Task statement » A line below contains "在下層的森林繼續往左下跳,在底層往右側的圓形建築遺跡走。", and a later one contains "根据公告,虽然张近东仍然保住". Repeat both, with every line between them, exactly.

[Material for this exercise Boundary: Start]

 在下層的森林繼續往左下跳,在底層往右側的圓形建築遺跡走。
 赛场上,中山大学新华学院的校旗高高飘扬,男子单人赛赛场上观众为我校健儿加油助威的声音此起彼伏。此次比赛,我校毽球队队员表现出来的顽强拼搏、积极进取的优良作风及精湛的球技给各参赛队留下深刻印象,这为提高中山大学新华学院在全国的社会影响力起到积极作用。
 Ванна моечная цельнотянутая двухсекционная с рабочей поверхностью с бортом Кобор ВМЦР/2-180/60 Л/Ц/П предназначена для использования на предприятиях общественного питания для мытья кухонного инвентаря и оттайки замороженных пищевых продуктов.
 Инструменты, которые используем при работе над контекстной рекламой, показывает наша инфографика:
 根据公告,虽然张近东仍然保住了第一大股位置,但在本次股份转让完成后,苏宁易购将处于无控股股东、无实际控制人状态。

[Material for this exercise Boundary: End]
[Material for this exercise Boundary: Start]

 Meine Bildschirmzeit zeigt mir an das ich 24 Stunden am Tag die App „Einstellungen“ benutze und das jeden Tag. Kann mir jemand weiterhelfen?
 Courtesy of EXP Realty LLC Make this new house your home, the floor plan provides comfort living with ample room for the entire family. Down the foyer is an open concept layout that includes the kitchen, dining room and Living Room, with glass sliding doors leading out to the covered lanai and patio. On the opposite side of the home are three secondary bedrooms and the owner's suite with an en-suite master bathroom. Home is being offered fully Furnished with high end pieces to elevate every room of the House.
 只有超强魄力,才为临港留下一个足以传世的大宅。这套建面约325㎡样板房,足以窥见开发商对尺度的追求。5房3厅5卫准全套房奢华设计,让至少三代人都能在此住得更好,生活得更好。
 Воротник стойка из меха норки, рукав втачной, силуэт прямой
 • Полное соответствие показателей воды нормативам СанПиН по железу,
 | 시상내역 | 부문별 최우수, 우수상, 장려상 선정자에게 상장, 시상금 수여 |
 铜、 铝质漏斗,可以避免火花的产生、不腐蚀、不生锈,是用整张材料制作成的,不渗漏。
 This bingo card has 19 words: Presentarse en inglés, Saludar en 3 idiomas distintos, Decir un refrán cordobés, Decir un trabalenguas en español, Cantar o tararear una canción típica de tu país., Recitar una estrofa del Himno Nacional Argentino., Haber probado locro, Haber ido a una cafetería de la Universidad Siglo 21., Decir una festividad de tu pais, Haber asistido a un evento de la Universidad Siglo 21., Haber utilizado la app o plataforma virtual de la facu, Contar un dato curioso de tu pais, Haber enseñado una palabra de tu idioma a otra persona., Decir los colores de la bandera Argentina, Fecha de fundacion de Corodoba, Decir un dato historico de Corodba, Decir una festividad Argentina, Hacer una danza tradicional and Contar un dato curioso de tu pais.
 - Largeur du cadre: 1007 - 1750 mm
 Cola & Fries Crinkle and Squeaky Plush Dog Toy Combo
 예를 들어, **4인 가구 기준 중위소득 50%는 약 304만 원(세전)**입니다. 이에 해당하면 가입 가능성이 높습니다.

[Material for this exercise Boundary: End]
[Material for this exercise Boundary: Start]

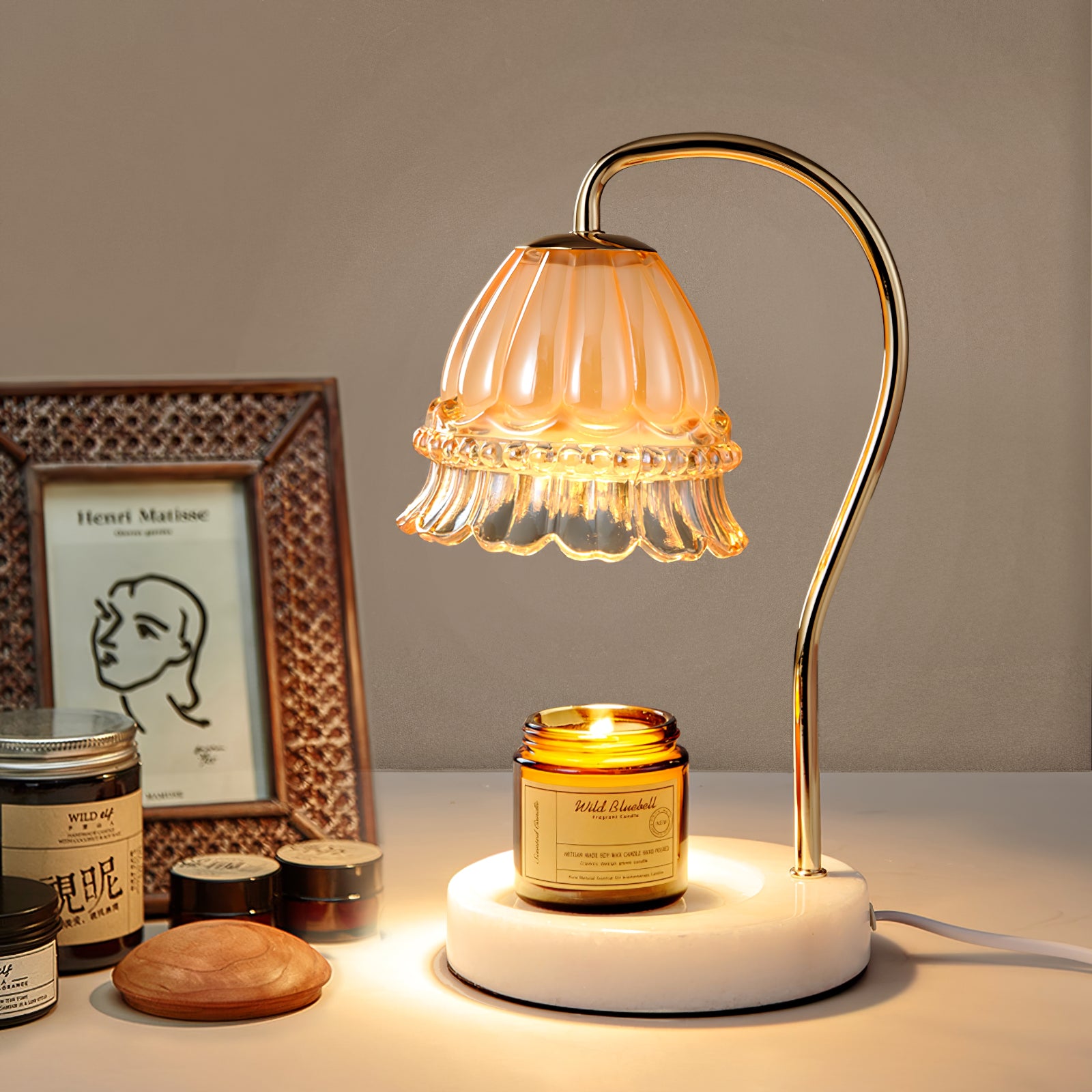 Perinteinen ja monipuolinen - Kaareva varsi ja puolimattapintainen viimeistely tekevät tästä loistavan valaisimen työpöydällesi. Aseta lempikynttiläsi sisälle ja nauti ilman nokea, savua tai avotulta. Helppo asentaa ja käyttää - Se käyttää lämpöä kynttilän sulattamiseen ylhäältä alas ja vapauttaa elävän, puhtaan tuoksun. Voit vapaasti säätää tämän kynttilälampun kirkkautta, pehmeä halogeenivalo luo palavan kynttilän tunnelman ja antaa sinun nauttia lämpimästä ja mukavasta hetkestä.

[Material for this exercise Boundary: End]

Exercise solution »
 在下層的森林繼續往左下跳,在底層往右側的圓形建築遺跡走。
 赛场上,中山大学新华学院的校旗高高飘扬,男子单人赛赛场上观众为我校健儿加油助威的声音此起彼伏。此次比赛,我校毽球队队员表现出来的顽强拼搏、积极进取的优良作风及精湛的球技给各参赛队留下深刻印象,这为提高中山大学新华学院在全国的社会影响力起到积极作用。
 Ванна моечная цельнотянутая двухсекционная с рабочей поверхностью с бортом Кобор ВМЦР/2-180/60 Л/Ц/П предназначена для использования на предприятиях общественного питания для мытья кухонного инвентаря и оттайки замороженных пищевых продуктов.
 Инструменты, которые используем при работе над контекстной рекламой, показывает наша инфографика:
 根据公告,虽然张近东仍然保住了第一大股位置,但在本次股份转让完成后,苏宁易购将处于无控股股东、无实际控制人状态。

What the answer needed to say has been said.